I cannot tell you how many times I’ve personally heard about a bookkeeper stealing money from a business and getting away with it for years! Of course the business owner did not know how this could possibly happen because they were not involved.
This type of story is becoming far too common. Therefore, I wanted to point out some of the warning signs that could potentially indicate that this might be happening to you and your business. This list is not meant to be all-inclusive, but if any of this rings true for you, run – don’t walk – to your nearest CPA.
- You don’t have access to your accounting system. Why on earth would you give someone full control of your finances without maintaining access yourself so you can review their work from time-to-time? These are your records and, I believe, your company’s property, so don’t let anyone tell you that you cannot have access to your accounting system.
- Your bookkeeper gets defensive when you start asking questions or requesting information. If you ask to see a profit & loss statement, a bank detail report, or any type of banking or financial document and you get an attitude in response, this is a red flag. No one should be so protective of his or her work that you cannot review it. If you are met with such resistance, the reason is probably because your books are a complete mess and the bookkeeper does not want to get fired. This goes back to #1. You should not even have to ask; you should have full access to your records at all times.
- Your bookkeeper does not prepare bank and credit card reconciliations. This is one of the most basic bookkeeping tasks for any business. Why? Because it is your checks-and-balance system. It is the way you know if you have everything in your financial system that should be there – nothing more or less. These reconciliations should be done monthly, and I advise you get copies of them. This shows your cleared and outstanding checks, deposits and all other transactions, providing a great snapshot of your business transactions.
- Your bookkeeper adds adjustments to the reconciliations. The reconciliation is a comparison between your records and those of the bank. Like I said in #3, it is your checks-and-balance. If you see reconciliation adjustments, your bookkeeper is doing something wrong. A bookkeeper should aim to NEVER have an adjustment, because that means he or she did not account for something properly. Instead of giving up and saying, “Oh well, I missed something,” make sure your bookkeeper finds the adjustment and enters it into the system correctly.
- There are crazy descriptions within different transactions. I’ve seen descriptions like, “Opening balance?” before. There is NO reason for a question mark here! Regularly review your transaction descriptions so you really get a sense if your bookkeeper knows what he or she is doing. If you never see any descriptions, you see odd descriptions or there are a lot of journal entries, this should be another red flag.

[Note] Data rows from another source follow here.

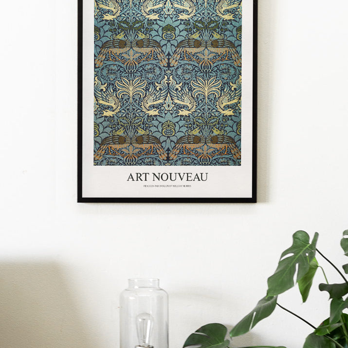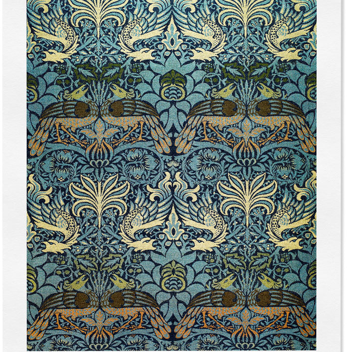 Peacock and Dragon art print by William Morris with text at the top and bottom. Inspired by the Arts and Crafts Movement.
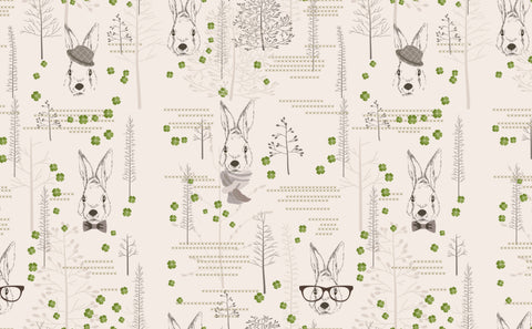 Satisfaction GuaranteedLighthearted rabbit heads variously adorned with bow ties, hats, eyeglasses and scarves, plus a sprinkling of cloverleafs. Cream background. Available in both removable peel-and-stick and permanent wallpapers. Printed with child-safe inks.
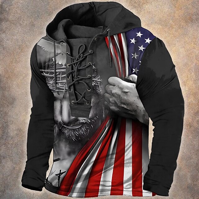4η Ιουλίου 2026 250η Ημέρα Μνήμης Ανδρική Streetwear Σχεδιαστής Αμερικανική Σημαία Κωδικοποιημένο Μακρυμάνικο Hoodie Sweatshirt Καθημερινό Δρόμο #15883105
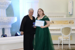 Для церемонии награждения победителей номинации «Отличник года» была приглашена заместитель управляющего Омского отделения Сбербанка Ирина Амелина. Она поздравила всех присутствующих с Днём студента и вручила памятные подарки главным отличникам университета.
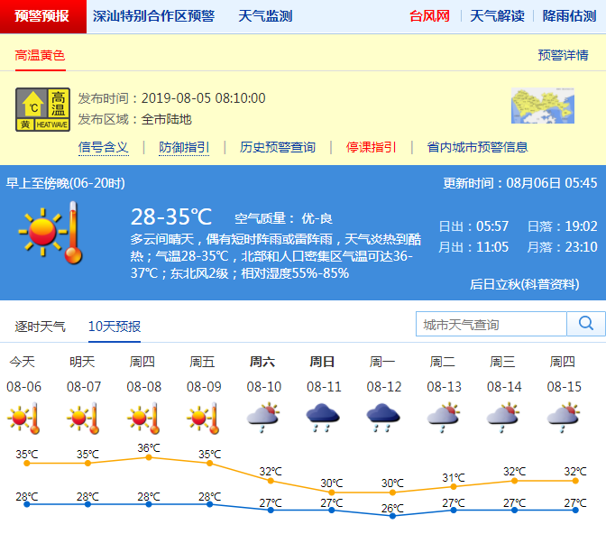 最新的氣象預(yù)報(bào)顯示,未來4-5天,深圳持續(xù)高溫天氣。8月6-9日受副熱帶高壓和臺(tái)風(fēng)“利奇馬”偏北下沉氣流的影響,深圳市以晴天為主,高溫天氣持續(xù),大部分地區(qū)最高氣溫34-36度,中北部和人口密集區(qū)可達(dá)37度或以上;10-11日轉(zhuǎn)雷陣雨。

Stay on top of your business’ financial well-being by requesting monthly reports from your bookkeeper and giving them the once-over sniff test to make sure they do not smell bad. I also recommend you hire both a bookkeeper AND a tax CPA, and that they come from separate firms. This provides yet another checks-and-balance layer. A bookkeeper and a CPA from different firms will wind up checking each others work more thoroughly, and should notify you if they see something awry.
As a business owner, you have the responsibility to look over your bookkeeper’s shoulder from time-to-time. Remember that it is your business and your shirt if something goes wrong.